Building Tomorrow: Averting Environmental Crisis With a New Economic System by Paddy Le Flufy

Book Review by Manda Scott

We’re in the midst of a polycrisis. If generalised, unaligned AI doesn’t terminate us, the oceans seem likely to die before we do, and if we manage to survive both, we’ll run out of materials to build anything, so the shift to a carbon-free economy seems as far away as ever. Add in the real-time disintegration of our democracy, the collapse of the capitalist model, and soaring levels of social inequity both within and between nations, and life looks pretty grim.

In all of this, therefore, it’s rather heartening to have a book that explores grounded and practical ways to shift the paradigm from the old extractivist model that is destroying us, to something genuinely regenerative. ‘Building Tomorrow’ by Paddy Le Flufy does exactly this.
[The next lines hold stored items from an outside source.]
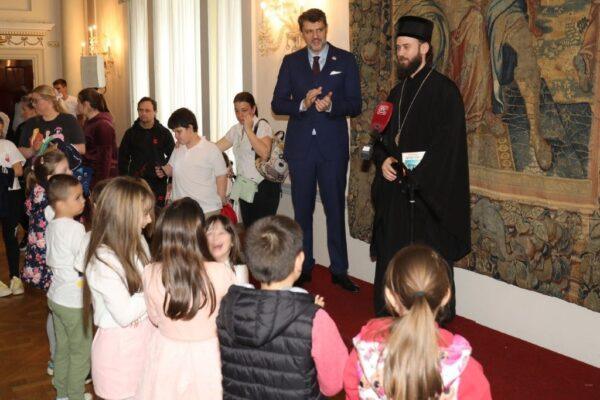 Deca bez roditeljskog staranja, deca sa intelektualnim teškoćama i socijalno ugroženi mališani, uzrasta od jedne do četrnaest godina, iz ustanova i organizacija širom Srbije i Republike Srpske, imala su priliku da podele radost ovog velikog hrišćanskog praznika sa prijateljima Kraljevske porodice Srbije na dva prijema održana u Belom Dvoru.
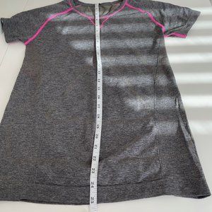 Good used condition with only one small snag on the pink top (please see photo's). Great for working out and as a baselayer!
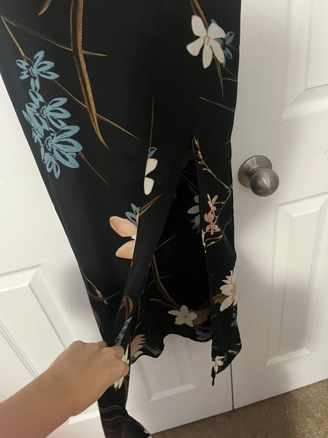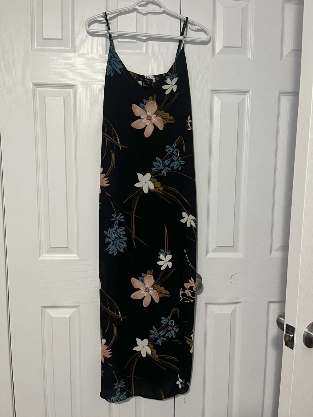Selling a beautiful Revamped maxi dress with a floral pattern! It's a size medium and features a stylish slit. Perfect for a summer day or evening out
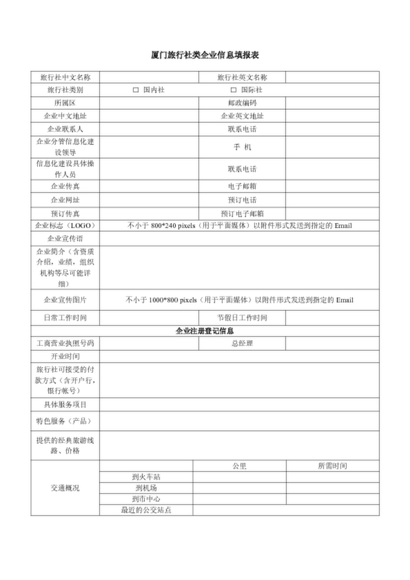 廈門旅行社類企業(yè)信息填報(bào)表,旅行社名稱: 許可證號(hào)碼: 旅行社簡(jiǎn)介: 許可經(jīng)營(yíng)業(yè)務(wù)(入境旅游業(yè)務(wù)、國(guó)內(nèi)旅游業(yè)務(wù)、出境旅游業(yè)務(wù)、特許經(jīng)營(yíng)中國(guó)公民自費(fèi)旅游業(yè)務(wù)):
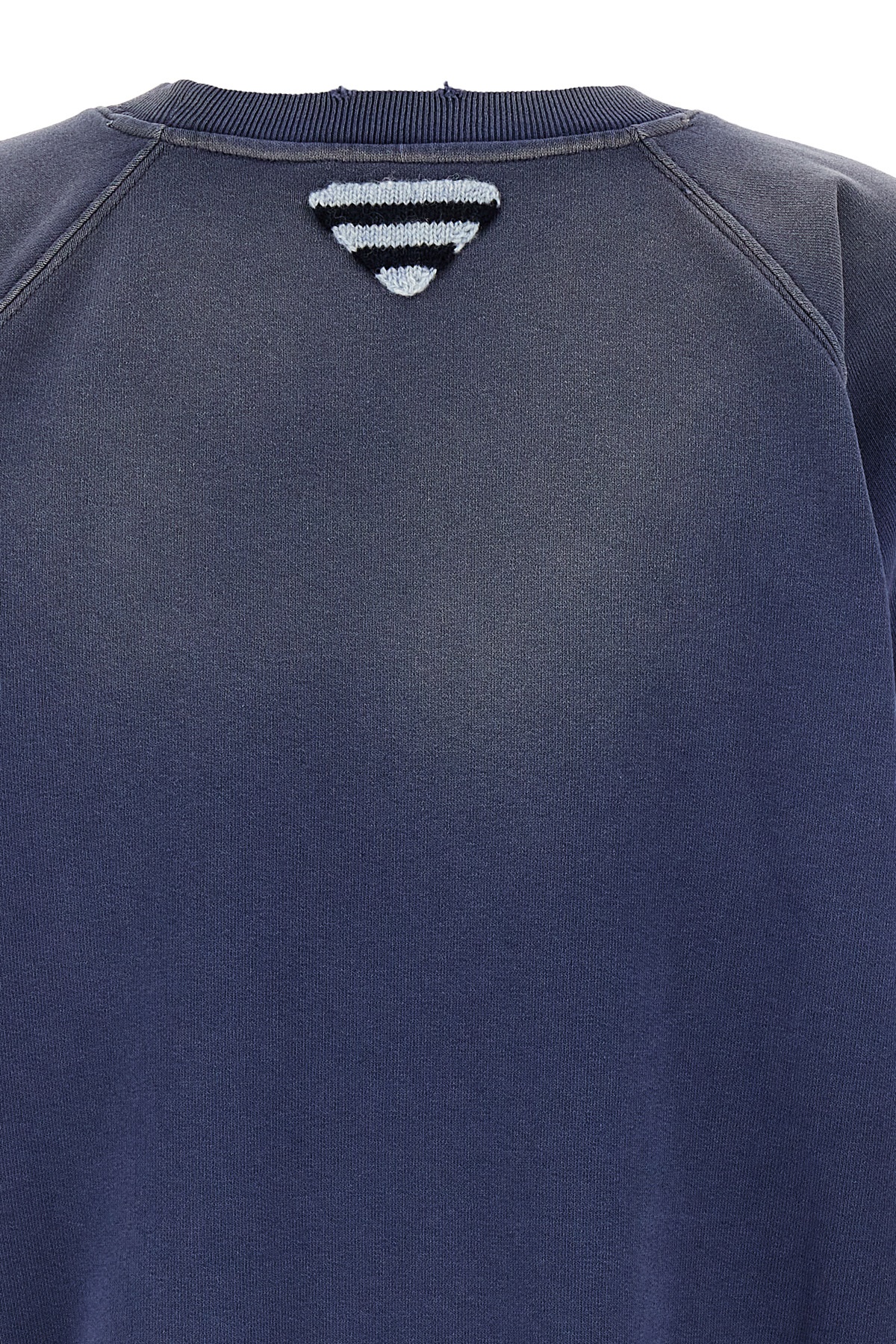 Gauze cotton sweatshirt with used effect logo print, vintage effect front logo print, triangle logo at the back, crew neck, short sleeves with raw cut hem.

Nothing in here is radical or likely to scare the horses. It isn’t advocating total systemic change overnight, but rather, it brings together a wide range of ideas that have been floating in the regenerative space for a while and weaves them into a single coherent narrative that feels as if it could actually work.
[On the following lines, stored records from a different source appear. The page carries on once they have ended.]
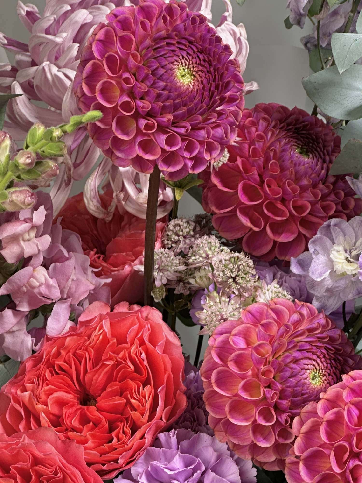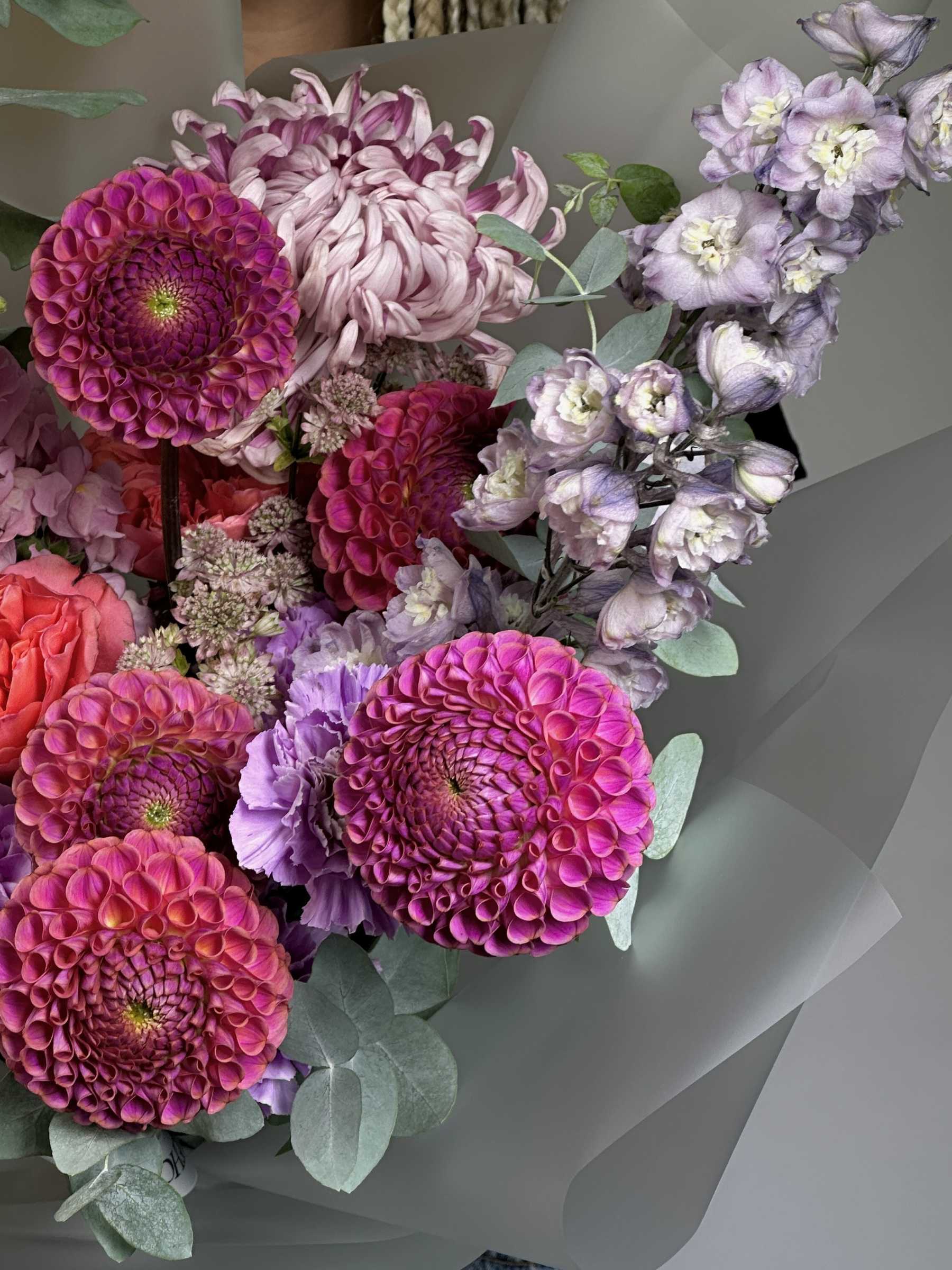 В составе | Астранция ,Гвоздика ,Георгин ,Дельфиниум ,Леувенбек ,Роза пионовидная ,Хризантема ,Эвкалипт |
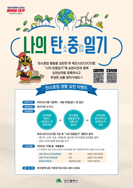대구시는 탄소중립의 공감대를 넓히고 탄소줄이기의 생활화를 유도하기 위해 시민 누구나 참여할 수 있는 실천활동인 ‘나의 탄중일기’를 운영한다.
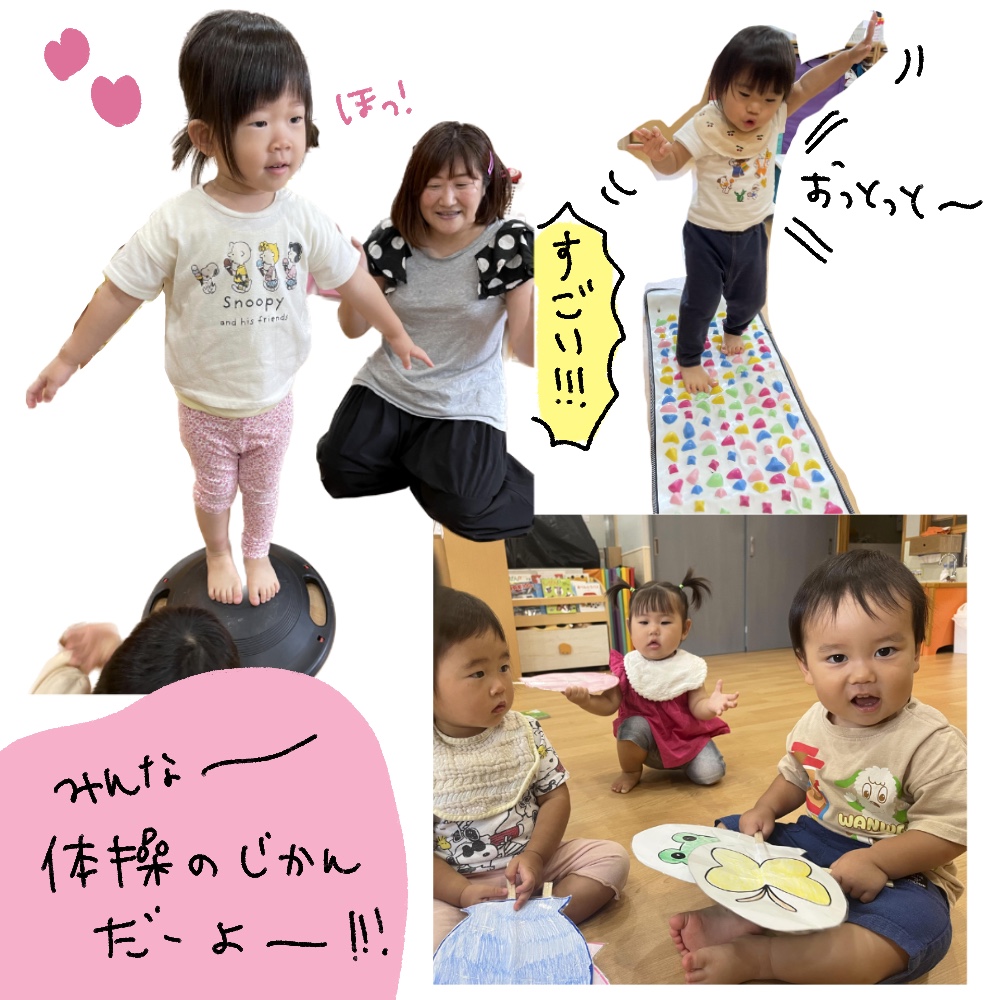 体操の時間では先生のお膝でストレッチをしたりカエルになって飛び跳ねたり楽しそうに参加する子もいたら、サーキット遊びではジャングルジムに夢中になる子も☆
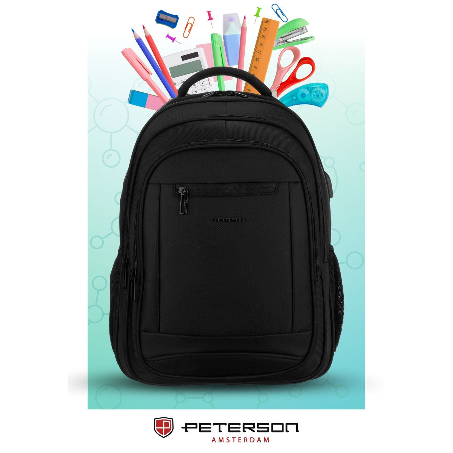 Peterson juoda didelė kuprinė su dviem skyriais, pagaminta iš poliesterio, puikiai tinka kasdieniam naudojimui.
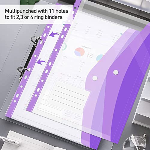 30 Pezzi Portafogli A4 Cartelle in Plastica,A4 Tasche Perforate Espandibili,Cartelline Portadocumenti Trasparenti,con Bottoni Automatici ed Etichetteper Etichette per Scuola e Ufficio
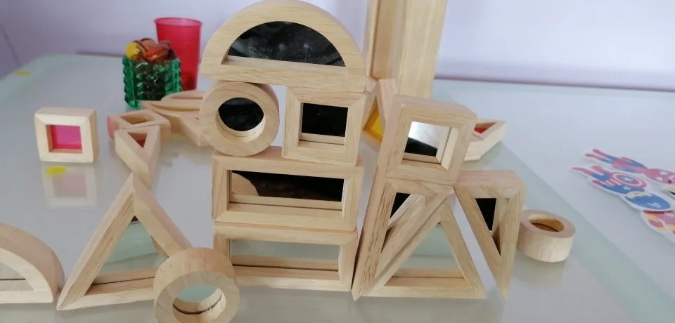 [Детская развивающая игрушка Монтессори деревянные строительные блоки с акриловым зеркалом сенсорная игрушка набор большой размер 24 шт]
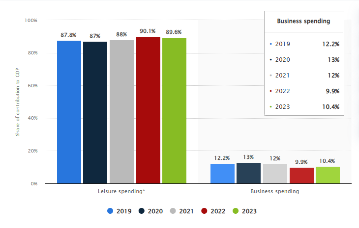 وأشارت البيانات إلى أن نحو 90% من إنفاق السائحين في مصر خلال 2023 كان موجهًا للسياحة الترفيهية، مقابل أكثر من 10% لسياحة الأعمال، ما يفتح المجال أمام تنمية هذا النمط مستقبلًا، وفقًا لبيانات Statista.
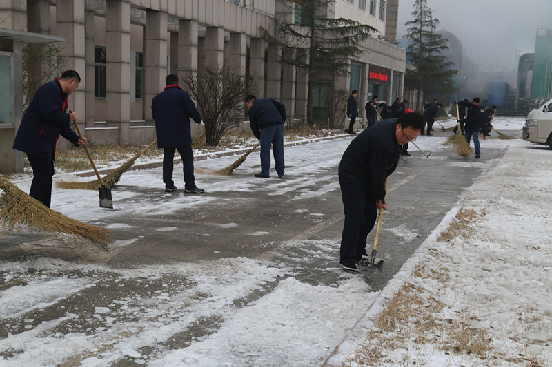 大家干劲十足,清雪场面热火朝天,经过2个多小时的齐心协力将积雪覆盖的道路清扫干净,保障了公司员工安全出行。
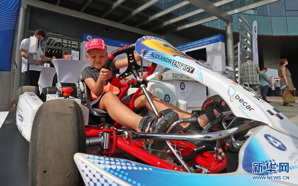 7月16日,人们在白俄罗斯明斯克郊区举办的电动交通日活动上体验电动车。

Built around six ‘organisational technologies’, the book clearly presents the need for a better economic system, looking at what existing technologies we need to replace and then, suggests two existing models that would function well together and would transform the value systems by which we currently work.
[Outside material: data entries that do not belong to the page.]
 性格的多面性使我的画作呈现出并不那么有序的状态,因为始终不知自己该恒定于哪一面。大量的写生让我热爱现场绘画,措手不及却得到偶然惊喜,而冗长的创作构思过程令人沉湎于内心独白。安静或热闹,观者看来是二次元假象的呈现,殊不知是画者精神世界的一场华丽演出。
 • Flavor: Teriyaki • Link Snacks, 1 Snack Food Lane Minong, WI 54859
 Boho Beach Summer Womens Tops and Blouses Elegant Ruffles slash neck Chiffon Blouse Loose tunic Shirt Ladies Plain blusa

First up in this road to recovery is the Doughnut Economic model created by Kate Raworth (who had better get the Prize for Economic Sciences for this pretty soon, or there’s no justice in the world). This proposes that our economy must move from ignoring ‘externalities’ in our endless press for growth, to a system that is regenerative by design: that ‘meets the needs of all people within the means of the living planet’. Clearly to achieve this, we need to define both the needs and the means and the Doughnut does this by setting a floor bases on fundamental human rights to things like education, health, nutrition, genuine democratic choice, and then creating a ceiling of the planetary boundaries as defined by the Stockholm Resilience Centre. The space within these, if expressed as a torus, is the ‘Doughnut’ of safe human living. Having explained this in straightforward terms, what Le Flufy does is to combine it with the concept of a Circular Economy where the output of one manufacturing process becomes the input stream to another and everything is designed to be re-used. Having watched this concept being used as greenwashing over the past decade or so, I’m absolutely certain it’s the way forward, but equally certain that it’s not going to happen while the growth imperative is embedded into the DNA of the entire business community.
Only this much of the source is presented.